Now that I am too old to be solving it and too busy to spend hours on such things, I decided to build a system that uses deep learning to automatically solve it and spent weeks to build it.
Then I came across this paper on Mask R-CNN which sounded promising for this usecase. And it was indeed much better than my earlier approach:
In this post I would like to share how I was able to get the data, tag it and train a model to be able to solve Where's Waldo. You can checkout my code on github here.
Mask R-CNN
The main idea here is to:
- Take the input image and pass it into a set of convolutional layers that sort of generates a feature map for the given image.
- Now, you take this feature map and pass it into a region proposal network which generates rectangular regions that say that for the set of final classes, we might have an image in this region. This will have its own classification loss (rpn_class_loss) and bounding box loss (rpn_bbox_loss).
- Now you take these regions and pass it into a ROI pooling layer using something like non-max-suppression.
- The regions are then reshaped and passed on to set of convolution layers which predict if there is an object in them or not. This again will have its own classification and bounding box losses.
- Now, you have a separate convolution layers which predicts, for every pixel in the bounding box predicted, is it the given class or not. This essentially gives the mask required. Here in addition to the bounding box and classification losses, we also have mask loss.
- You run all these networks together backpropogating all the losses.
![]() |
Mask R-CNN arch from CS231n (In this case we have a 28x28 mask instead of 14x14) |
Data
As I mentioned earlier, I got 20 images from this repo and few more images from the medium post that used Faster R-CNN. So, a total of 29 images. I split this into 26 for training and 3 for validation. Then I used the via-via tool (used to tag VGG) to manually draw masks over Waldo in every image. You can find the images and annotations in my github repo here.
Training
I trained the model for 30 epochs with 100 steps per epoch. The losses on tensorboard:
If you want to train on your own dataset, first set your configurations in the waldo_config.py file or use the default.

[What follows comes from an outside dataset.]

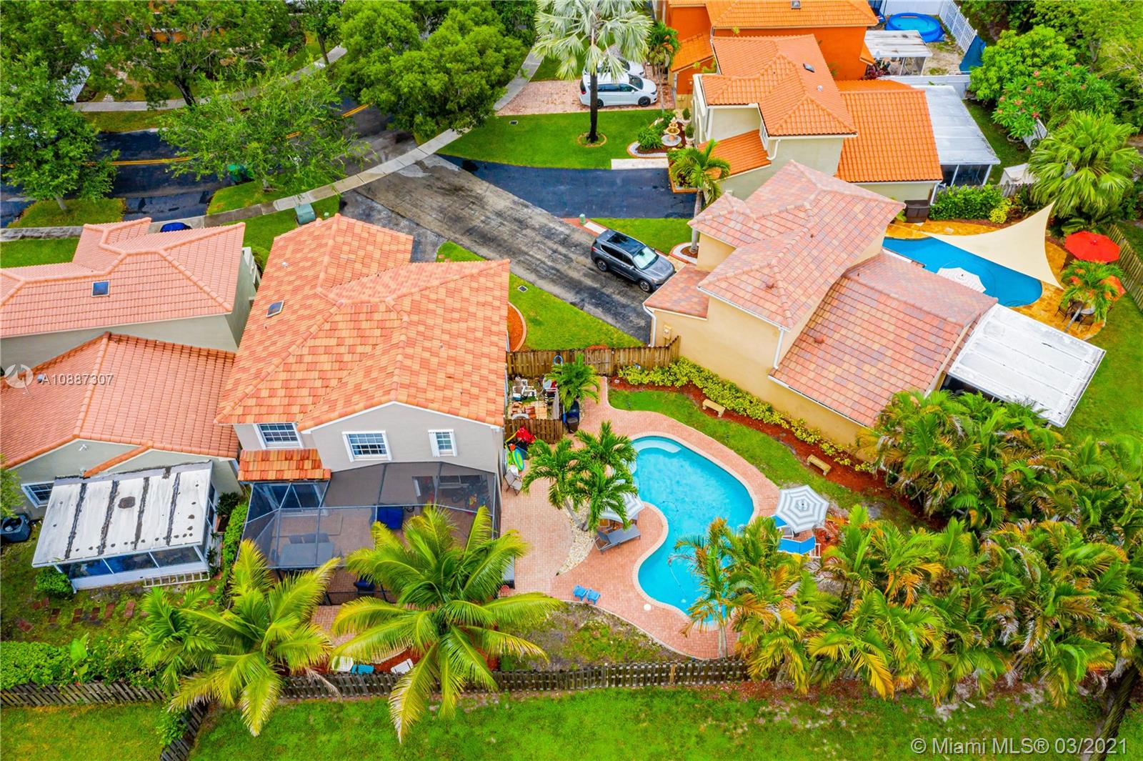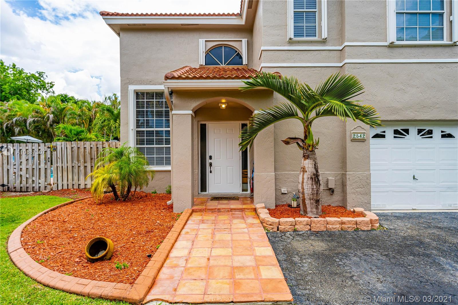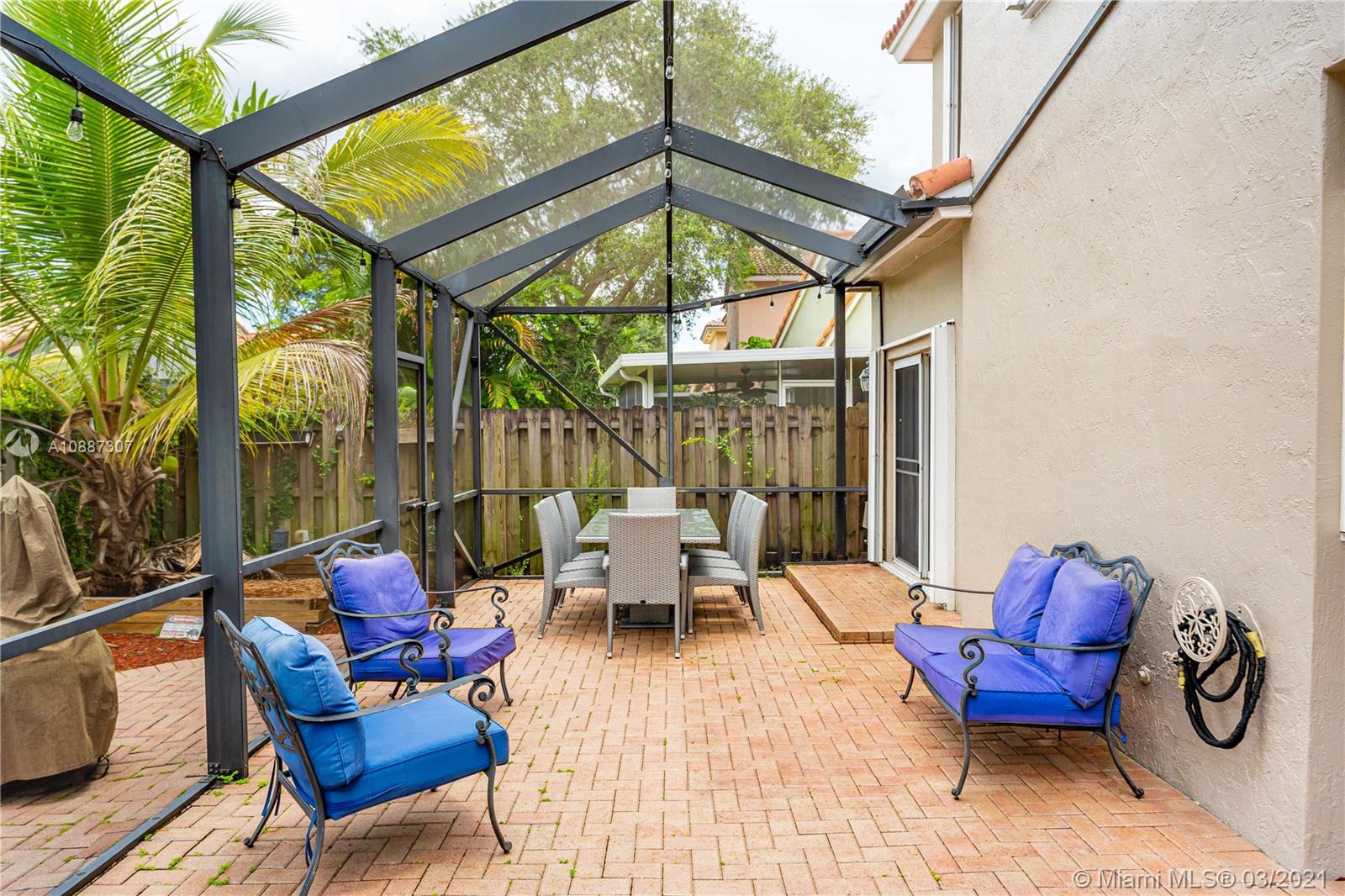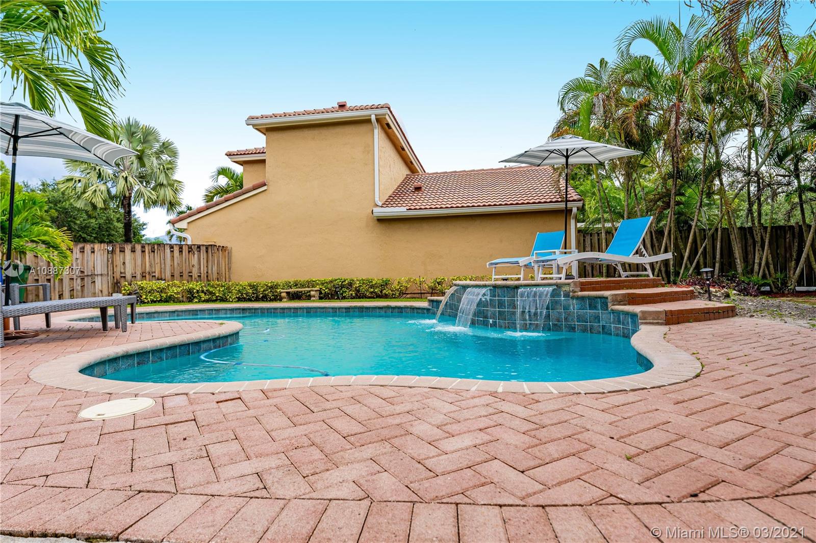 Beautiful two-story home in highly sought after Trellises at Embassy Lakes. 3 bedrooms and 2 bathrooms upstairs, one half-bath downstairs. Updated kitchen with granite countertops, large cooking island and stainless steel appliances. Remodeled master and half bathrooms, neutral floor tiles throughout and laminate wood flooring on second floor. Oversized corner lot has ample space for relaxing and entertaining with a completely fenced-in yard, bean-shaped pool with waterfalls and a screened enclosure. Accordion hurricane shutters, roof tiles four years old. Exterior of the home repainted last year. Amenities include clubhouse with Olympic pool, gym, tennis, playgrounds and bike/run paths. Best A rated schools around, just a short walk to Embassy Creek Elementary, shops and restaurants.

This will download the Mask-RCNN model trained on coco dataset to the MODEL_DIR folder and trains a model with the data in the DATA_DIR folder.
python train.py
python predict.py [MODEL PATH] [PATH TO IMAGE]
# for example
python predict.py models/logs/waldo20180612T1628/mask_rcnn_waldo_0030.h5 data/val/5.jpg
In conclusion, the Mask R-CNN algorithm works fairly well to find Waldo for cases where it has already seen similar type of waldo image. Also, it looks like it works much better when the image quality is good and waldo is clearly visible. But I think it is still great since we only had a very tiny training data to train on.